Полковому командиру так хотелось сделать это, так он жалел, что не успел этого сделать, что ему казалось, что всё это точно было. Да, может быть, и в самом деле было? Разве можно было разобрать в этой путанице, что было и чего не было?» (4,266).

Эти примеры взяты из описания Шенграбенского сражения, но подобные можно отыскать и во всех авторских суждениях обо всех военных действиях на всём пространстве эпопеи.

Оттого и все действия того же Наполеона на Бородинском поле не имеют никакого смысла:

«С поля сражения беспрестанно прискакивали к Наполеону его посланные адъютанты и ординарцы его маршалов с докладами о ходе дела; но все эти доклады были ложны: и потому, что в жару сражения невозможно сказать, что происходит в данную минуту, и потому, что многие адъютанты не доезжали до настоящего места сражения, а передавали то, что они слышали от других; и ещё потому, что пока проезжал адъютант те две-три версты, которые отделяли его от Наполеона, обстоятельства изменялись и известие, которое он вёз,    уже становилось неверно. <...> Соображаясь с таковыми необходимо ложными донесениями, Наполеон делал свои распоряжения, которые или уже были исполнены прежде, чем он делал их, или же не могли быть и не были исполняемы» (6,271-272).         В подтверждение своей правоты Толстой ссылается на отзыв Муравьёва-Карского, участника войны 1812 года, позднее успешно руководившего военными действиями на Кавказе, в частности осадой и взятием турецкой крепости Карс в 1855 году:

«После напечатания моей первой части и описания Шенграбенского сражения мне были переданы слова Николая Николаевича Муравьёва-Карского об этом описании сражения, слова, подтвердившие мне моё убеждение.
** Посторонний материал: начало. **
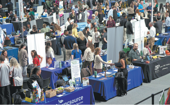 Recruiters speak to job seekers at the Appalachian State University internship and job fair in Boone, North Carolina, on Oct 1. ALLISON JOYCE VIA GETTY IMAGES
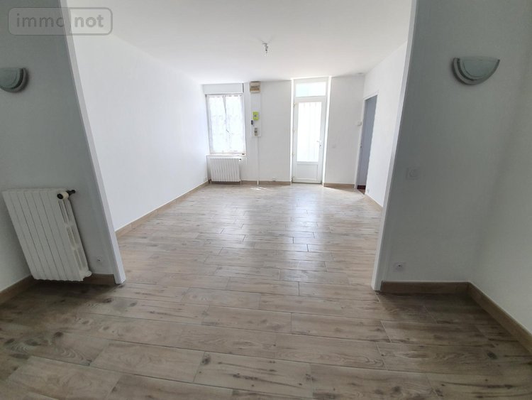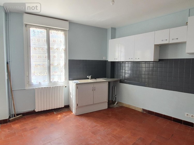 Maison de ville à louer dans le centre bourg de Cormes dans la Sarthe (72), comprenant : séjour-salon 22m², cuisine 12m², salle d'eau, WC indépendants. A l'étage : deux chambres 9.8m² et 22.5m², WC indépendants.

Ник.Ник.Муравьёв, главнокомандующий, отозвался, что он никогда не читал более верного описания сражения и что он своим опытом убедился в том, как невозможно исполнение распоряжений главнокомандующего во время сражения» (7,386).
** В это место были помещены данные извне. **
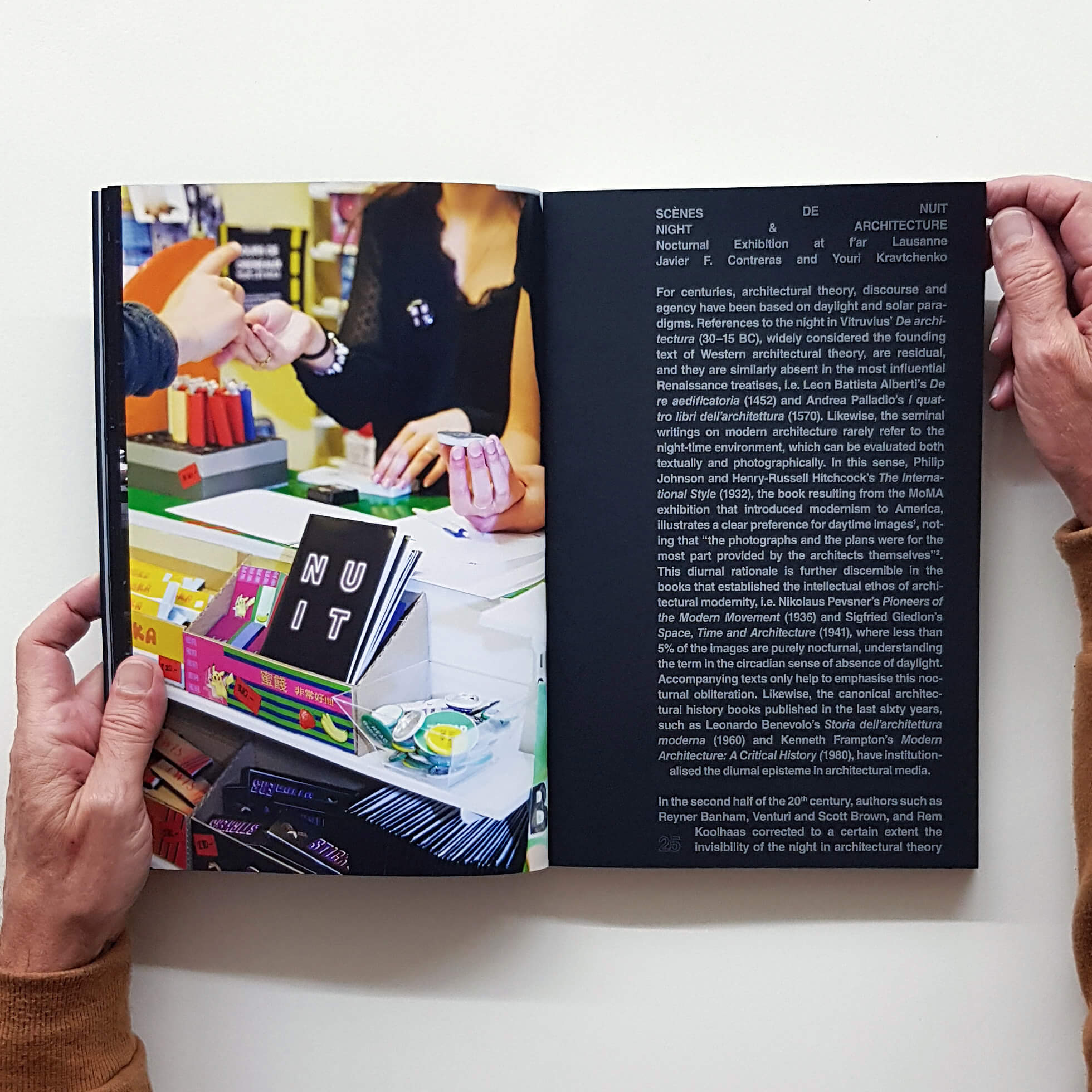 « Scènes de nuit » examine le rôle de la nuit dans la construction des villes et des sociétés contemporaines, en se demandant si la théorie et la critique architecturales sont encore principalement associées à la lumière du soleil et aux paradigmes diurnes. Le livre, un catalogue résultant de l'exposition éponyme tenue à f'ar Lausanne en 2019 sous le commissariat de Javier F. Contreras et Youri Kravtchenko, réfléchit sur les espaces, les activités et les médias déployés dans la culture nocturne, en utilisant les photographies, les séquences, les enregistrements et les transcriptions disponibles comme principal matériel éditorial.
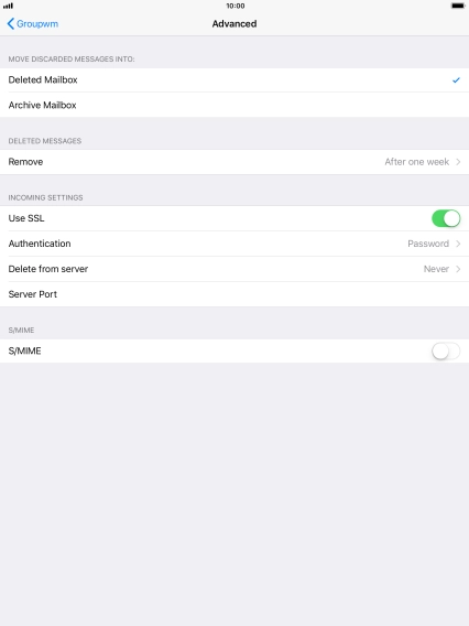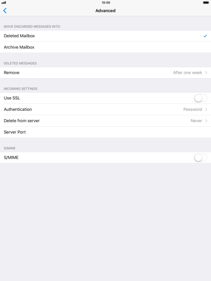 Press the required email account and follow the instructions on the screen to select settings for the specific account.
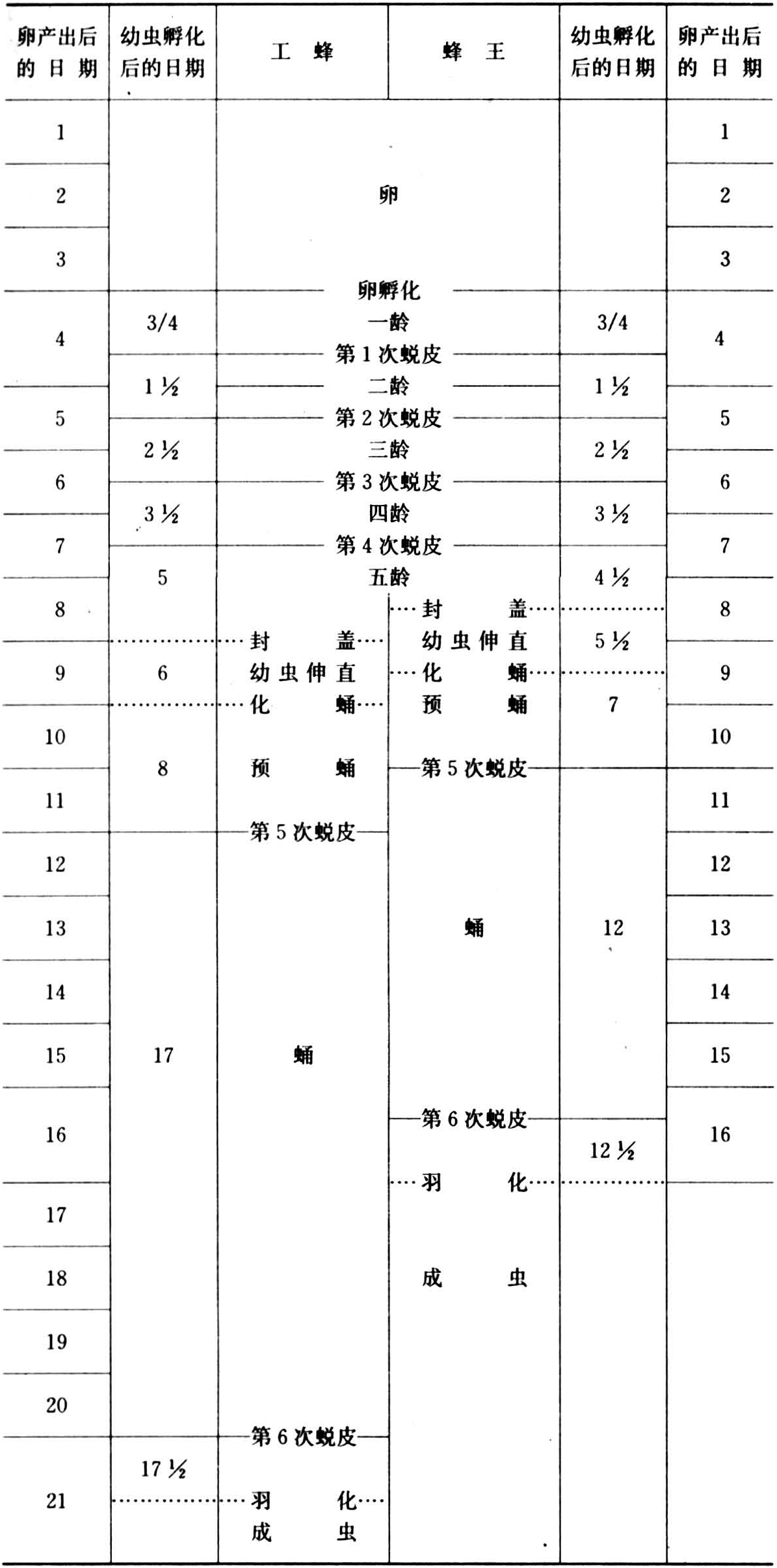 蜜蜂两种级型在发育阶段上的差异也б较明显,表2列出了蜂王和工蜂发育过程的时间顺序。所有幼虫都是在卵产下后的第3天末孵化,工蜂幼虫的巢房在第8天之后被封盖,蜂王幼虫却在7天半之后。蜂王的蛹期大大缩短。体重较大、寿命很长的蜂王从卵到成虫的发育期较短,只需16天,工蜂却推迟到21天才进入成虫期。
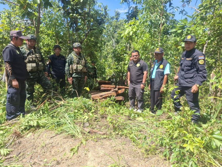ทหาร ฉก.ราชมนู ตรวจยึดไม้ประดู่แปรรูปซุกป่าพื้นที่ อ.พบพระ
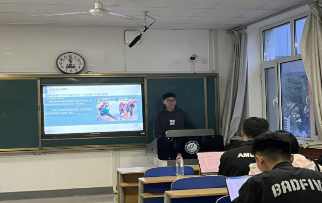 2023级体育教学专业研究生王玉博分享了参加《民族民间传统体育研究学术论坛》的心得体会,从会议主题:传承发展民族民间传统体育,构筑中华民族共有精神家园入手分享了民族民间传统体育铸牢中华民族共同体意识研究、民族民间传统体育促进各民族交往交流交融研究、民族民间传统体育历史与文化研究、民族民间传统体育文化的创造性转化与创新性研究等方面的研究成果。之后又介绍了已录取的专题报告《新时代背景下民间体育游戏在小学体育中的开展的价值与策略》,阐述了民间体育游戏在小学体育中开展的价值,从网络游戏、竞技体育、学校认同感三个方面梳理出新时代背景下民间体育游戏在小学开展中的现实困境,从而为在新时代背景下民间体育游戏在小学体育中开展提供参考策略。

Руководство, истинное руководство военным делом, приходит к выводу Толстой, заключается вовсе не в планах, распоряжениях, диспозициях, приказах и тому подобном, но в чём-то трудноуловимом, хотя и важнейшем для хода сражения: в укреплении внутренней решимости, внутренней уверенности— в том, что определяется автором как дух войска (о чём и сказал князь Андрей Пьеру перед Бородинским сражением).

«В военном деле, пишет Толстой,— сила войска есть также произведение из массы на что-то такое, на какое-то неизвестное х.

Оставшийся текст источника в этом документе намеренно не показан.